[[ DATASET EXCERPT open ]]

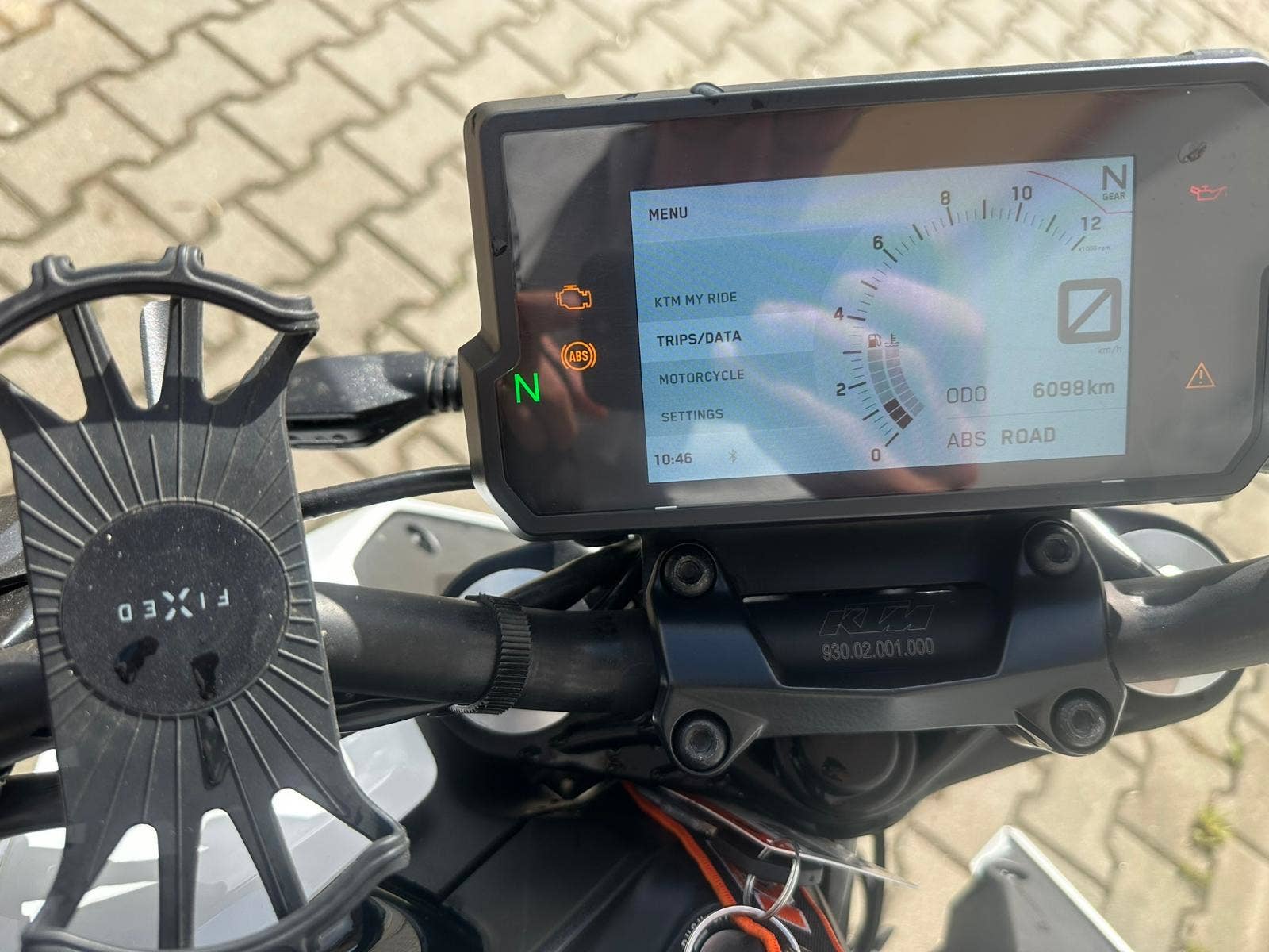 Na motocyklu doplňkově padací protektory na rámu, držák telefonu FIXED.
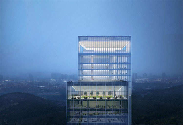 “幕墙不仅是建筑轮廓的勾勒,也是对内部空间进行雕塑和保护。”设计师韦业启在塔冠巧妙地使用幕墙语言,以透明的玻璃幕墙配合灯光照明表达“光之谷”的概念,既与整体设计呼应统一,又与塔身办公区域进行了功能区分示意,同时也将预留机房、擦窗机等基础设施集中安置在主冠的“谷”中,不影响整体视觉效果,让功能统一纯粹。
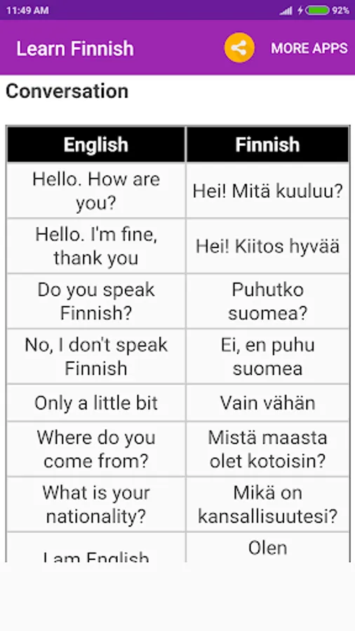 Learn Finnish with 5 minutes of practice daily. Edu Technologies is the quick fix that will teach you core Finnish words and Finnish phrases for conversation, just like a phrasebook. If you want to learn beyond the basics, there are also Finnish grammar lessons available. It’s even great for kids!
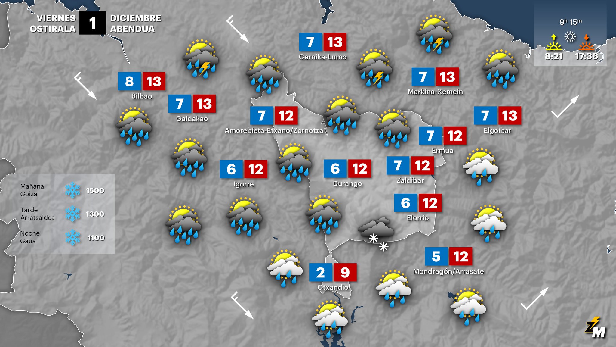 Tiempo revuelto fresco con lluvias para el viernes GRAFISMO: Unai García

[[ DATASET EXCERPT closed ]]

AIM OF THE TASK> Every line above gets copied exactly; none of the pictures do.

ANSWER TO THIS PROBLEM>
 Na motocyklu doplňkově padací protektory na rámu, držák telefonu FIXED.
 “幕墙不仅是建筑轮廓的勾勒,也是对内部空间进行雕塑和保护。”设计师韦业启在塔冠巧妙地使用幕墙语言,以透明的玻璃幕墙配合灯光照明表达“光之谷”的概念,既与整体设计呼应统一,又与塔身办公区域进行了功能区分示意,同时也将预留机房、擦窗机等基础设施集中安置在主冠的“谷”中,不影响整体视觉效果,让功能统一纯粹。
 Learn Finnish with 5 minutes of practice daily. Edu Technologies is the quick fix that will teach you core Finnish words and Finnish phrases for conversation, just like a phrasebook. If you want to learn beyond the basics, there are also Finnish grammar lessons available. It’s even great for kids!
 Tiempo revuelto fresco con lluvias para el viernes GRAFISMO: Unai García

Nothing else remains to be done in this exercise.